21.016 JK/DvB/VEUGEN

Fog production unit for a vehicle, in particular a truck

TECHNICAL FIELD

The present disclosure relates to a fog production unit for a vehicle, in particular a truck. The invention also pertains to a vehicle comprising such fog production unit and to a method for installing such fog production unit.

BACKGROUND ART

Vehicles need regular conditioning, cleaning and/or disinfecting in order to safely use them. This is even more important in case of touring cars and in particular cargo trucks. It is known to disinfect and/or condition such vehicles by using a fog production unit for humidity conditioning and/or to disinfect by adding a disinfectant to the fogging medium. A fog production device of this kind is described in United States patent US 9907877. The prior art device forces a pressurized air stream through a nozzle, at which nozzle the pressurized air is brought into contact with a liquid which is thereby atomized.

This way of producing a mist or fog is as such known in the art in several ways. Such fog production unit is either a portable fog production unit that is placed inside of the cargo space of the vehicle at certain cleaning moments, or it could be an integrated fog production unit that is mounted to the vehicle itself and carried along. The latter is in many cases undesired as a bulky fog production unit takes up space that could otherwise be used for transporting cargo, and besides the added weight adds up to fuel usage of such vehicle.

SUMMARY OF THE INVENTION

In a first aspect of the present invention, the fog production unit for a vehicle, in particular a truck, the vehicle comprises a pressurized air storage tank, the fog production unit comprising a container for holding a liquid fogging medium, a fogging nozzle in fluid connection with the container by means of a supply, a control system and a fluid delivery system, such as a pump or a venturi nozzle, configured to in operation deliver the liquid fogging medium from the container to the fogging nozzle, characterized in that the nozzle is further connected to an air supply, wherein the air supply is configured to be connected to the pressurized air storage tank of the vehicle such that the liquid fogging medium is in operation exposed to the pressurized air of the pressurized air storage tank of the vehicle at the fogging nozzle and wherein the air supply is controllably supplied in response to a control signal of the control system.

The fog production unit according to the invention is not relying on a compressor for pressurized air as is the case in prior art implementations. The pressurized air storage tank of the vehicle itself, which is normally used to power e.d. pneumatic brakes and other pneumatic systems of the vehicle, is usually provided with pressurized air by means of a compressor that is powered by the vehicle itself, e.g. by means of a drive shaft powered by the power unit of the vehicle. By providing a fog production unit that provides an air supply connection to the pressurized air tank of the vehicle itself as a supply of pressurized air for the fog production unit in the cargo space, the fog production unit according to the present invention can be executed less bulky and significantly lighter.

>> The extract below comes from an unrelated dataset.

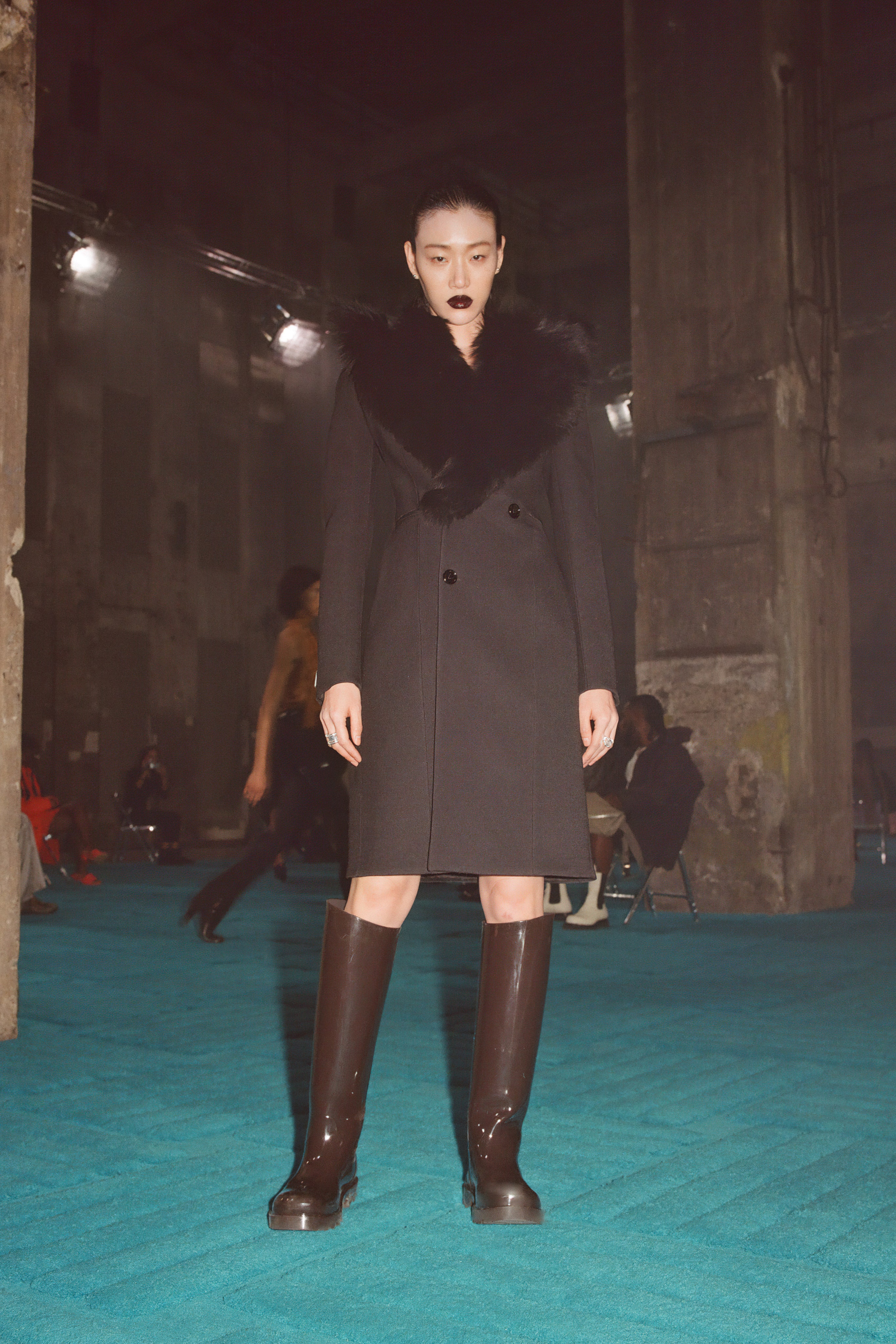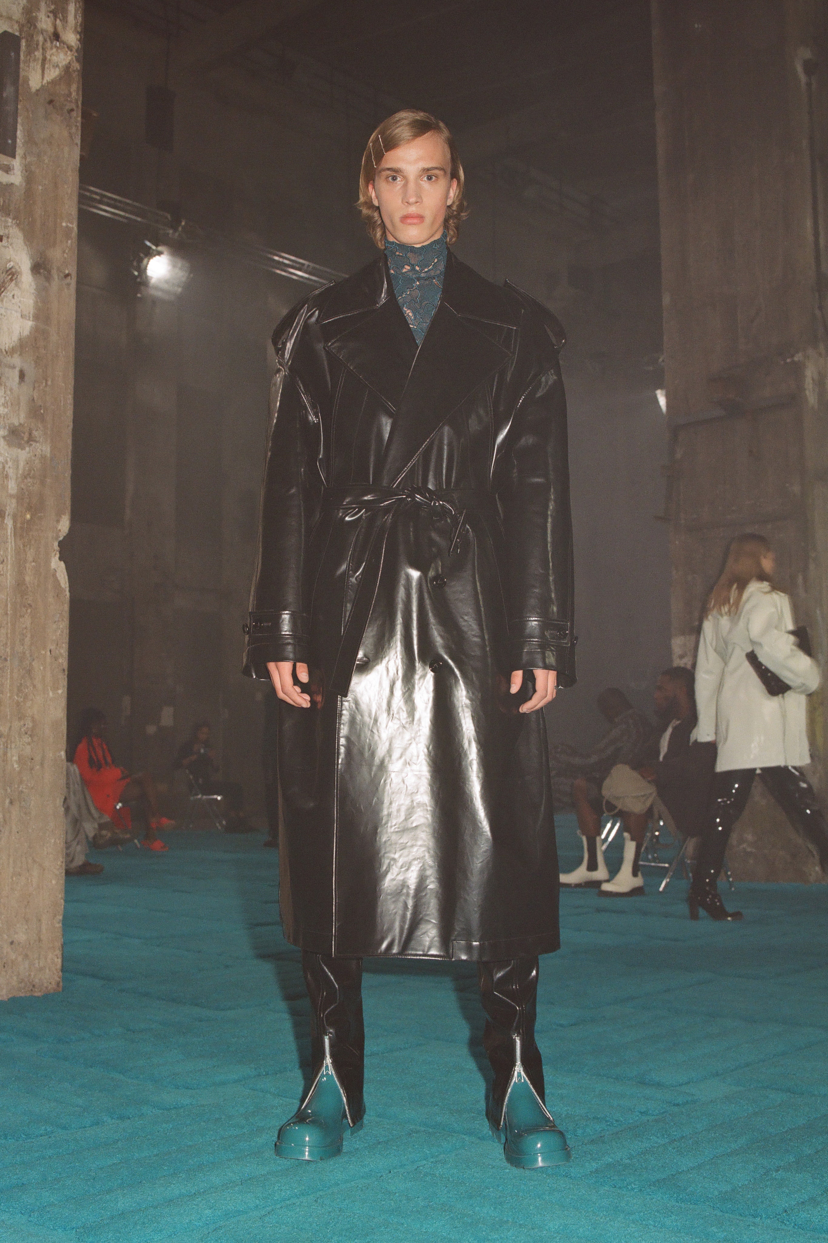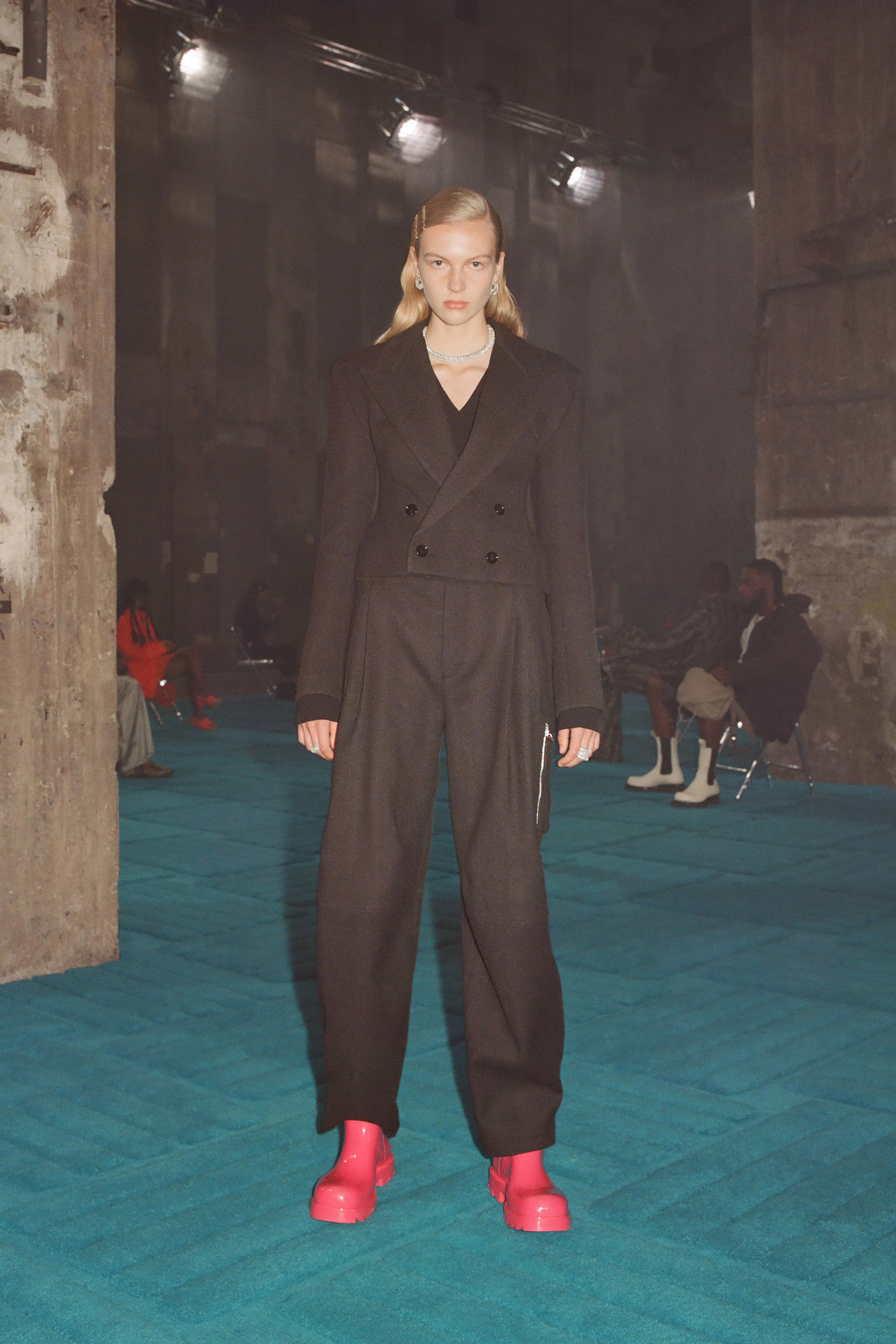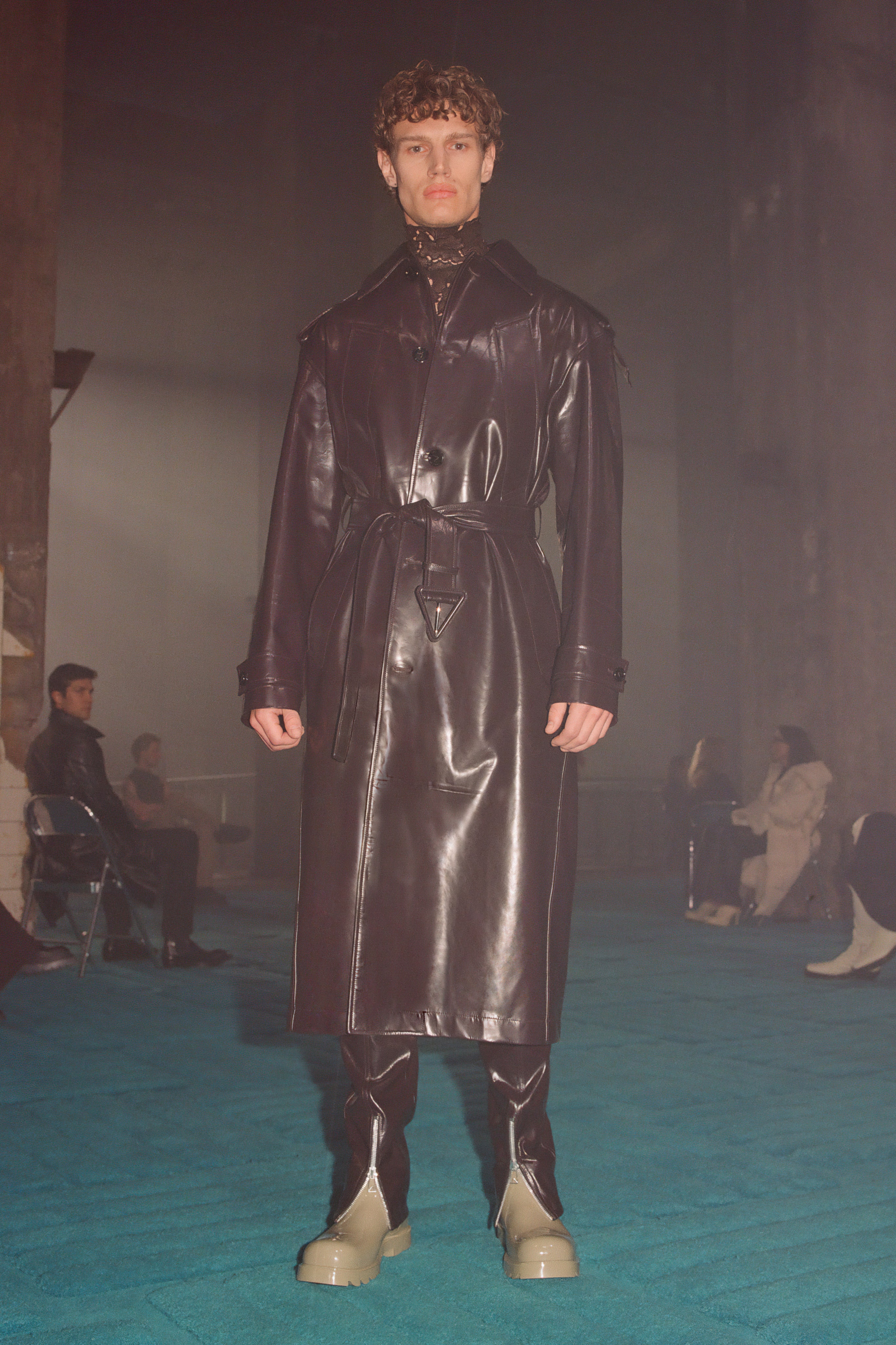 В осенне-зимнюю коллекцию Bottega Veneta вошли шубы из искусственного меха, пальто, костюмы, кожаные тренчи, свитера с объемными рукавами и платья из плотного коттона с перьями, из кашемира со стеклярусом и кожи. Среди обуви — сапоги-трубы (самые интересные — с принтом зебры!), мюли, лоферы и броги.

The fog production unit comprises a container for holding a liquid fogging medium. Such container can be e.g. a tank, jerry can or other liquid holding compartment. It comprises a liquid supply out of the container such as a hose or other transport means and usually also comprises a refill opening to refill the liquid, although in some ppl icat ions such refill opening may not be provided, e.g. in case the container is provided as a “cartridge” which is filled at the manufacturing location. The latter may be advantageous in case of chemicals or in case the a certain mix of liquids is needed in a very specific ratio.

Further a fogging nozzle is provided. There are several suitable nozzles for this type of applications of fog production by pressurized air. Suitable nozzles include e.g. dry mist nozzles wherein a supply of compressed air is fed along a liquid supply restriction and wherein usually an air reflector is mounted downstream the supply restriction, in order to create a shockwave between the reflected air and the freshly supplied air. This shockwave separates the drops of supplied liquid into smaller drops in order to produce a fog or mist at the exit of the fogging nozzle.

A fluid delivery system, such as a pump or other dosing and supplying system is provided in order to provide the fogging medium liquid from the container to the nozzle. Other dosing and supplying systems include self-priming systems such as e.g. a venturi nozzle which may be integrated into the fogging nozzle, or placed separately in the supply line and is configured to in operation deliver the liquid fogging medium from the container to the fogging nozzle. By forcing pressurized air through such venturi nozzle, the liquid is sucked into the supply line to the nozzle. In embodiments where the liquid container is stored above the nozzle height, such fluid delivery system may also be implemented as a controllable valve wherein the liquid delivery is self-primed by means of gravitational influences. Such liquid is usually water (based) but other liquids can also be suitable for specific applications.

The air and liquid supplies to the nozzle are controlled by a control system. Such control system controls the supplies by means of suitable control means such as e.g. controlled valves or may alternatively control the pump of the liquid supply directly without a valve. Such controlled actuators may be connected to the control system in a direct physical fashion, wireless or in any other suitable way such that the control system can influence the state and/or operation of the actuators. The control system may be implemented as a single physical unit, such as a physical control box comprising electronics, but may also be implemented as a distributed system, wherein several control components are placed in various locations in or on the vehicle.

Electrical power of the components may be provided for by a dedicated electrical power supply such as a battery or may be supplied for by the electrical power supply of the vehicle itself.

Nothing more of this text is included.